Net cash used in investing activities of $2,587,011 reflects $2,250,000 cash used to purchase the worldwide Medihoney license rights and capital expenditures of $337,011.
 
Net cash provided by financing activities of $3,825,229 reflects net proceeds of:  $4,491,279 from the sale of stock in connection with a secondary public offering completed in February and the exercise of stock options; $2,032,164 from funds previously restricted; and $1,352,319 from an increase in the line of credit. Offsetting these inflows were $4,050,533 in debt payments consisting of regularly scheduled debt repayments, together with the full payment of the balances of our term loan and our promissory note.
 
Working capital increased $2,796,225 at September 30, 2010 to $9,587,806 from $6,791,581 at December 31, 2009. This increase principally reflects the cash infusion associated with the equity raise completed in February, a portion of the proceeds of which were used to pay off short term debt of $1,700,000, and the net balance of $461,619 that was used for general working capital purposes. Working capital of this magnitude is considered sufficient to support ongoing operations.

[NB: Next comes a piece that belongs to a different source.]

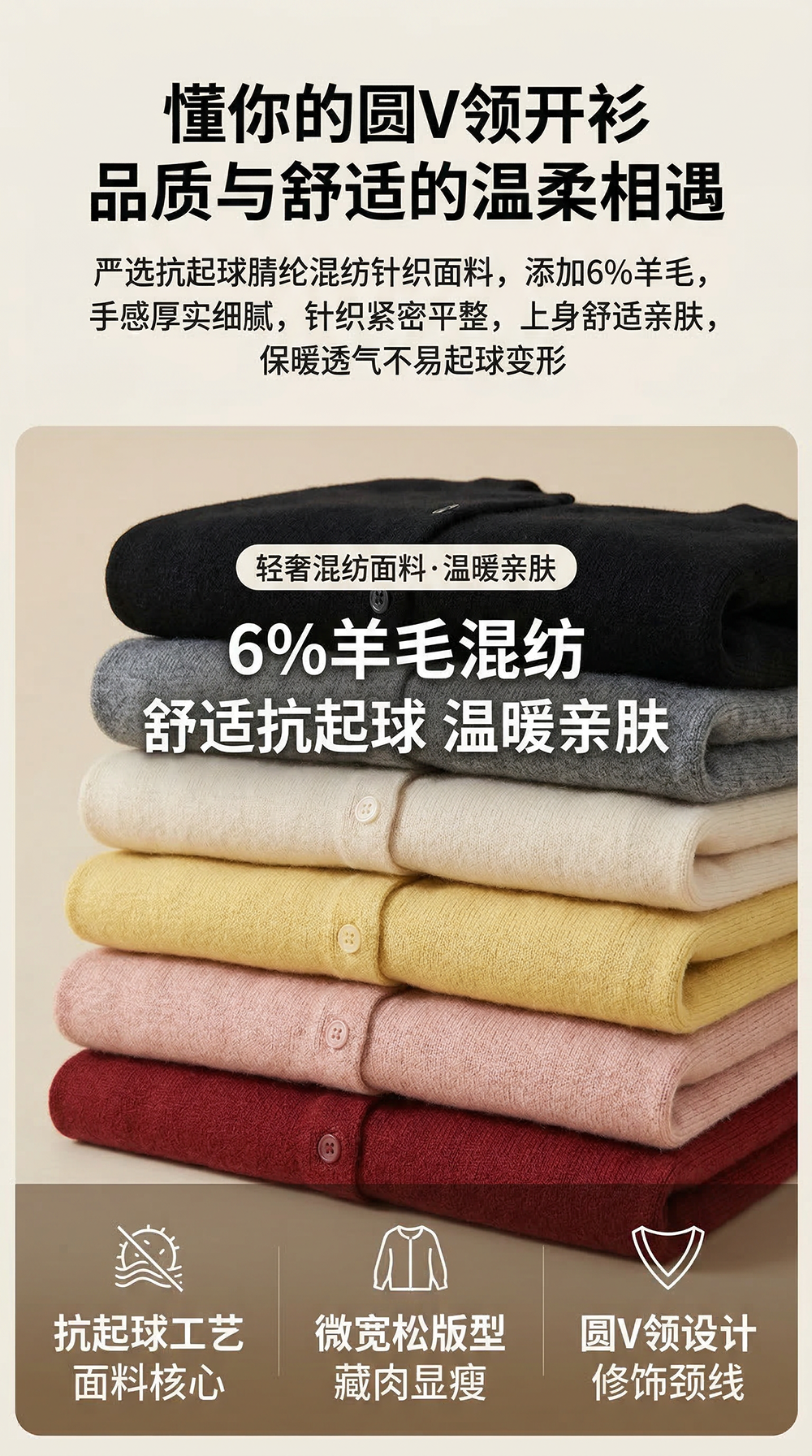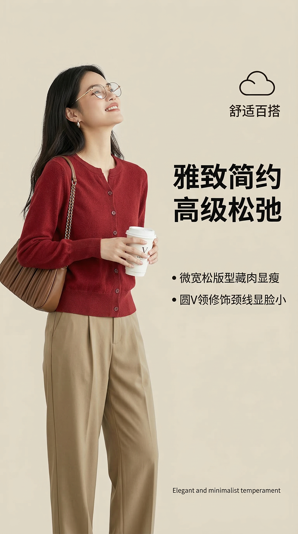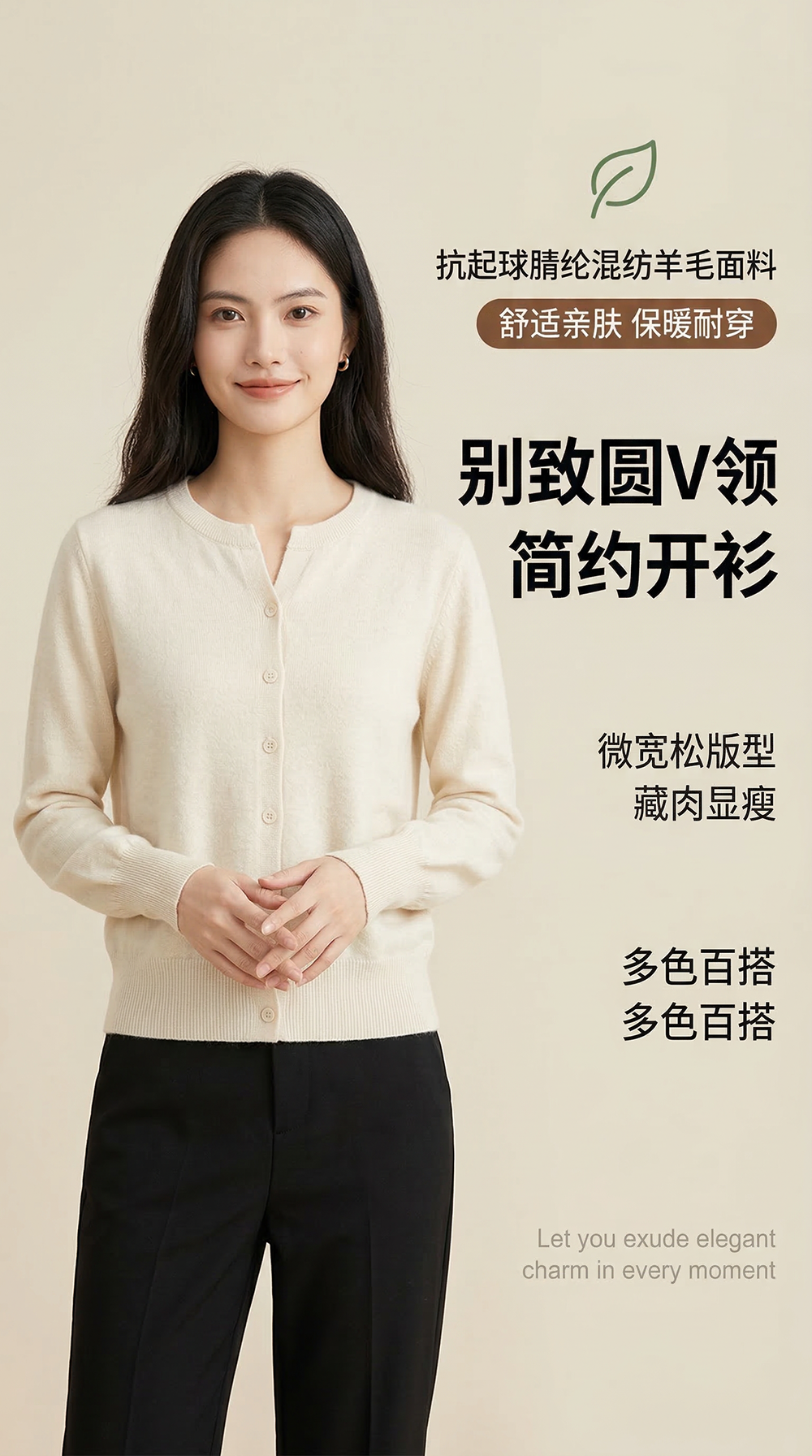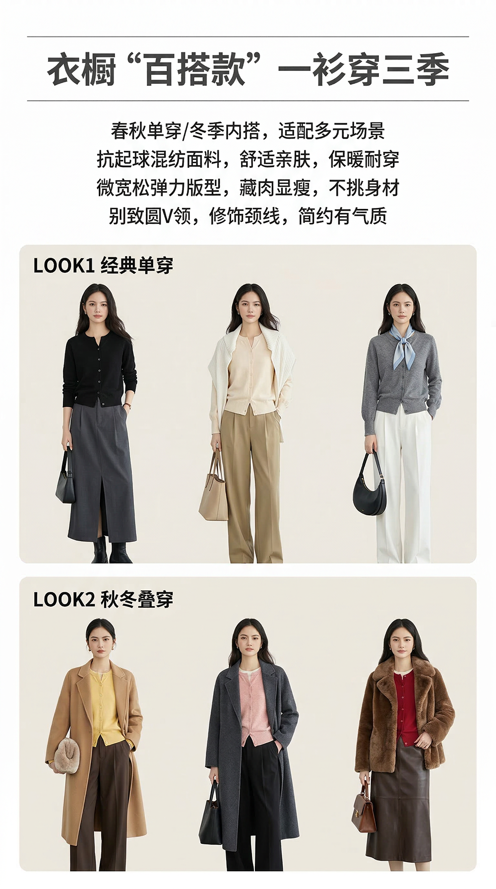 Grace&Glam 精纺羊毛舒柔减龄菱形开衫

Based on current forecasts, there are no Medihoney sales related milestone payments anticipated in the next twelve months.

Financing Arrangements

With cash on hand of $409,505, together with available cash under our line of credit of $1,194,591, we had $1,604,096 of available liquidity at September 30, 2010, versus $2,342,579 at December 31, 2009.

On February 22, 2010, we raised $4,478,801 (net of commission and other offering expenses) from the sale in a secondary public offering of shares of our common stock. These proceeds, together with $2,032,818 of previously restricted cash, were used to acquire the worldwide Medihoney licensing rights for $2,250,000, pay off the outstanding U.S. term loan of $3,300,000 and pay off our $500,000 promissory note due April 14, 2010, leaving $461,619 of the net proceeds available for general working capital purposes. Payment of the foregoing indebtedness has had a positive impact on cash flow by eliminating associated debt service.

On March 26, 2010, our U.S. lender modified the terms of our five year revolving credit and security agreement to take into account the payment of the term loan.  The existing financial covenants were replaced with twelve month rolling fixed charge coverage and total debt coverage covenants. The lender also reduced the minimum 3 month LIBOR rate from 3.00% to 1.50% and authorized the payment of our $500,000 unsecured promissory note, which was paid on March 31, 2010. In addition, the minimum excess availability reserve was reduced from $1,500,000 to $1,000,000, thereby increasing our borrowing availability by $500,000.

Prospective Assessment

Our strategic objective is to in-license, develop and launch novel higher margined advanced wound care products while utilizing our core business (to the extent possible) to fund this objective. In addition, we will continue to evaluate external opportunities to leverage our core capabilities for growth. To the extent we determine that we cannot finance our growth initiatives internally, we will evaluate the feasibility of doing so via the sale of equity.

The launch of a number of new products in recent years bodes well for the future growth of our higher-margined advanced wound care products both domestically and abroad. We continue to work on our pipeline and have identified several product line extensions for existing products and new products that are capable of contributing to future sales growth. We believe that the first aid products line continues to represent a growth opportunity. Sales for the balance of our product lines are expected to remain relatively stable.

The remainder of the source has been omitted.